Unleash the power of Python regular expressions

How to use the regular expression functions provided by the ‘re’ library to match, search, and replace text in your Python programs.

Regular expressions, or “regex,” is a system for finding complex patterns in text. Most every major language has support for regular expressions, whether as an add-on library or as a native library function.

Python comes with regex support out of the box, as part of its standard library. Here, we’ll take a quick tour of the Python regular expression library and how to get the most out of it. For more details about regular expressions generally, see this introduction in the Python documentation.

Python regex basics

To start using regexes in Python, simply import the Python regex library, re, which is included as part of Python’s standard library.

import re

The easiest way to use re is to make quick-and-dirty searches, using a particular regex against a particular string. Here is an easy example.

import re
text = 'b213 a13 x15'
print (re.search(r'a\d*\W', text)[0])

Here, we use the regular expression 'a\d*\W', which looks for the letter a followed by any number of digits and then whitespace. re.search() takes that regular expression and looks for the first match against it in the provided string text. In the above example, the match is a13.

When re makes one or more matches, it returns what is called a match object, which is a data structure that contains many details about the match. (More on match objects in a bit.)

Most of the time, if you’re just looking for the first match, you can obtain it simply by indexing into the match object as we’ve done above (with the [0] index).

Finally, note that we used Python raw strings to construct our regex. This is because the syntax of a regex, since it uses backslashes, can conflict with the way ordinary strings are escaped in Python. The r prefix before the string tells the Python interpreter, “Don't interpret the backslashes as escape codes.”

More ways to match using Python regex

re.search() is not the only way to find patterns in text with re, and it’s far from the most flexible. These four other methods available in re might better fit your use case:

  • re.match() is like re.search(), but looks only for matches from the beginning of the string and nowhere else. This is useful if you know you’re not going to be scanning the rest of the string, and you want to optimize the matching method.
  • re.fullmatch() attempts to match the regex against the entire string, and only the entire string. Again, this optimizes the matching strategy in cases where you want an all-or-nothing match.
  • re.finditer() looks for all the matches available, and returns them in the form of a generator. Each iteration of the generator yields up a match object, one for each match found. This is useful if you are working with a large string that might yield a great many matches, and you want to conserve memory by creating and consuming one match object at a time.
  • re.findall() looks for all matches, like re.finditer(), but returns the matches as a simple list. If you don’t want to bother with all the details of working with match objects, you can just use re.findall() to produce a Python list of all the matches found. The downside is that the list is generated all at once, not incrementally, so may not be ideal for large strings that generate many matches.

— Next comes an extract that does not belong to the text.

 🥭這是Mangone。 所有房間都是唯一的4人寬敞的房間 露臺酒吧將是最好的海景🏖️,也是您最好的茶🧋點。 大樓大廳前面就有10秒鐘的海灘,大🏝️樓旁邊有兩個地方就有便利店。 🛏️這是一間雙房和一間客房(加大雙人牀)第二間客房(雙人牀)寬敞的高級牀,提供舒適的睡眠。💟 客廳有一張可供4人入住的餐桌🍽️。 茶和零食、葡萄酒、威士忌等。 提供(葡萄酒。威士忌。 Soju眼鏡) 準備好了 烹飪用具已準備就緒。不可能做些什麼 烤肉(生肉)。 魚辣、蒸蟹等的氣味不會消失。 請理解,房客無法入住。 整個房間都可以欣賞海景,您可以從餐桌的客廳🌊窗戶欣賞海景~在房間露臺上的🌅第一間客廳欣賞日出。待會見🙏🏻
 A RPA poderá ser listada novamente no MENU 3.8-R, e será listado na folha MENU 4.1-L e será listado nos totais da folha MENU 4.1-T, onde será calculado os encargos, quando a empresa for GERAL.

If you’re looking for a single match, re.match() and re.fullmatch() give you two handy options. If your regular expression is likely to generate many matches, re.finditer() and re.findal() give you two different ways of consuming the results. Here is an example using re.finditer():

import re
text = 'a11 b213 a13 x15 c21 a40 a55 m34'
for match in re.finditer(r'a\d*\W', text):
print (match[0])

Regular expressions use many characters in a way that is specific to the regex syntax, such as the dot (.) or braces ([ and ]). If you want to search for those characters, you will need to escape them with backslashes in your expression. But if you’re working with arbitrary input that you want to escape automatically — for instance, by searching for some user input — you can use re.escape() to transform a string into its regex-escaped version.

Search and replace using Python regex

Regular expressions can also be used to perform search and replace operations, with re.sub(). Here is one example:

import re
text = 'a11 b213 a13 x15 c21 a40 a55 m34'
print (re.sub(r'a(\d*\W)',r'b\1', text))

This regex replaces all occurrences of a followed by any number of digits and then a space with b, followed by those same digits and a space.

Note that search and replace typically makes use of some special features in regular expressions. The parenthetical part of the regex is what is called a “capture group,” which is a way to single out and refer to portions of a match. The replacement string, 'b\1', uses the \1 to refer to the first capture group in the match expression — essentially saying, “Insert the contents of that capture group here.”

Match objects in Python regex

Match objects contain information about a particular regex match — the position in the string where the match was found, the contents of any capture groups for the match, and so on. You can work with match objects using these methods:

  • match.group() returns the match from the string. This would be a15 in our first example.
  • match.start() and match.end() return the start and end indexes of the match. These are the same as the start and stop indexes of a Python slice, so you can use them for exactly that purpose if need be. If you want both at once in a tuple, you can use match.span().
  • match.group(x, y) returns capture groups found in a match. Capture groups let you use parentheses to indicate different parts of a match: match.group() or match.group(0) returns the entire match, match.group(1) returns the first capture group, a combination of arguments (match.group(1,2)) produces a tuple with the contents of the listed capture groups, and match.groups() produces all the capture groups in a single tuple.
  • match.groupdict() returns a dictionary of named capture groups. Normally, capture groups are referred to by an index, but you can assign names to them if you want. match.groupdict() lets you refer to those capture groups by name, as you would the contents of any other dictionary.

Python regex options

When you create a Python regex, you can pass a number of options that control its behavior. Here are some of the most useful:

  • re.IGNORECASE performs case-insensitive matching throughout the regular expression. Normally regexes are case-sensitive, but if you don’t want to manually encode case-insensitivity into your match expression, you can use this option instead.
  • re.MULTILINE changes the way the regular expression handles the tokens for the beginning and end of a string (^ and $, respectively). When enabled, those tokens also match the beginnings and ends of lines within the string. If you are processing text that spans multiple lines and you want to be aware of linebreaks in your regex, use this option.
  • re.DOTALL changes the way the dot (.) character in a regular expression matches text. When enabled, the dot not only matches all text characters, but also newlines.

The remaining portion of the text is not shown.